TL:DR: we’ve launched a new IntelliTraffic™ algorithm which calculates organic keyword visit data for your site, using a variety of data sources. This is a long blog post, which explains the history, our research, possible alternative solutions and our new approach to solving the ‘not provided’ problem.
However, if you just want to try it, then simply click on the IntelliTraffic™ link you’ll see above some tables in the platform (or use the new Quicklinks link – ‘Configure IntelliTraffic options’) and just turn it on! More detailed instructions can be found here.
(not provided): a brief history
For those of you who have been asleep for the past two and a half years or have been otherwise occupied, I’ll briefly recap:
- October, 2011 – Google announced support for secure search (SSL) for those searchers who are logged into their Google accounts, meaning that this keyword visit data was encrypted and began to show in Google Analytics accounts as ‘not provided’, instead of showing visits data for each organic keyword.
- October 2011-September 2013 – Google Analytics users (and SEOs) began to see a steady increase in the level of inaccessible keyword data in their Google Analytics accounts, as more and more data began to show as ‘not provided’.
- September 2013 – Google switched secure search on by default, meaning all searches conducted through Google now show in your browser bar as https:// (not http://) and the keyword data in Google Analytics really began to dry up even quicker than before.
- Following complaints that Google was still providing keyword visit data to their PPC customers, Google announced that it would restrict this data too.
I realize that this is a somewhat oversimplification of developments and there were lots of minor changes in the intervening periods, involving, among other things, changes to browsers and the whole issue may also have had some connection to the Edward Snowden affair and court cases Google has been involved in over the past few years, but these were the crucial milestones.

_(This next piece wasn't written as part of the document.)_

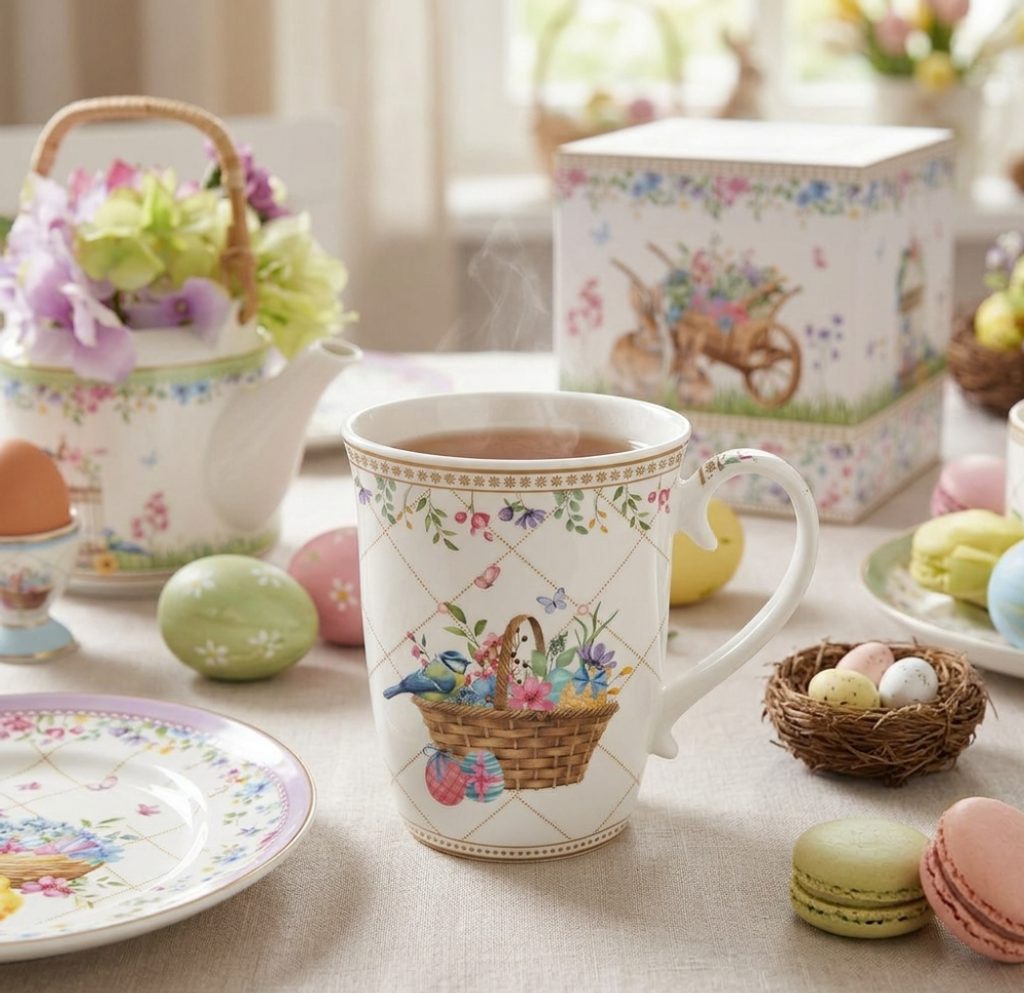 Porcelánový hrnek z kolekce Spring Bloom od italské značky Easy Life. Romantický jarní design s květinami, ptáčky a velikonočním košíkem. Ideální na ranní kávu či čaj. Dodáváno v elegantní dárkové krabičce – skvělý tip na dárek.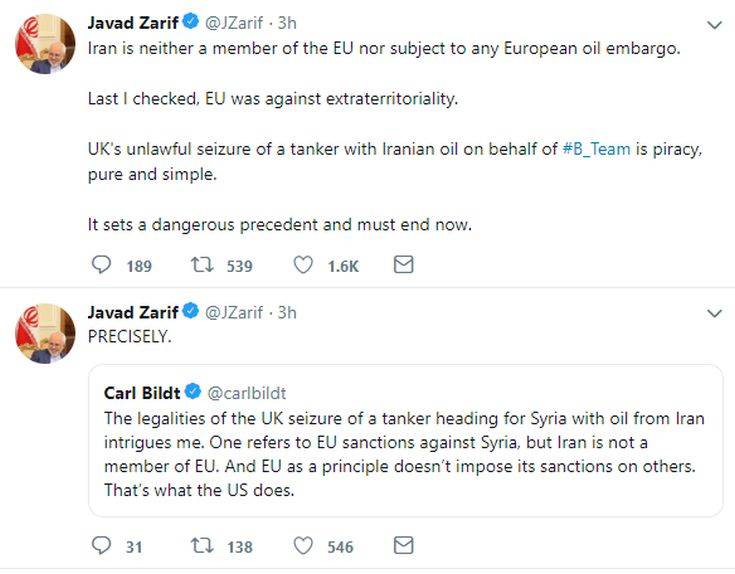 Την τελευταία φορά που το έλεγξα, η ΕΕ ήταν κατά της εξωεδαφικότητας. Η παράνομη σύλληψη από το Ηνωμένο Βασίλειο ενός δεξαμενόπλοιου που μετέφερε ιρανικό πετρέλαιο για λογαριασμό της #B-Team είναι πειρατεία, καθαρή και απλή. Δημιουργεί ένα επικίνδυνο προηγούμενο και πρέπει να τελειώσει τώρα», έγραψε ο Ζαρίφ σε ένα τουίτ.

(not provided): our research
In October 2012, a year after Google’s initial announcement, we analyzed 1000s of sites on the platform to see how the percentage of ‘not provided’ traffic had grown. At that time, it was averaging around 20%, but it looked like it was would be around 40% by October 2013 (around the time of its 2 year anniversary). Obviously, the announcement Google made in September 2013 had a significant impact on this trend and sure enough, we saw a steep increase in the average ‘not provided’ level when we revised the ‘not provided’ research around that time. It wasn’t quite 100% and wouldn’t be for most sites, as Google Analytics, of course, does show non-Google traffic sources too.
Since that time, we have been hard at work at coming up with a way to help restore that data as best we could.
In the light of today’s deployment, we revised the research once again. The overall average ‘not provided’ figure is now at 84% (based on a study of ~4,000 websites), with the majority of sites (60%) having a ‘not provided’ level of 80% or more. As you can see from the chart below, there were still some anomalies – a few sites (2.9%) with less than 5% NP traffic and only 2.3% of sites showing exactly 100% in NP traffic. This is perhaps to be expected, as some sites will be very small and have low traffic levels and some sites may depend entirely on traffic from Google.
not provided: our solution
Obviously, losing visit data for each keyword was going to be an inconvenience for SEOs or any webmasters wanting to analyze their organic traffic and, of course, the bigger the site, the more inconvenient it was proving to be. Of the subset of data we used for the above analysis, one of the sites had 30 day organic traffic of almost 5m, 82% of which was showing up as ‘not provided’. Not knowing what keywords are generating 3.3m visits each month is a pretty big headache to have.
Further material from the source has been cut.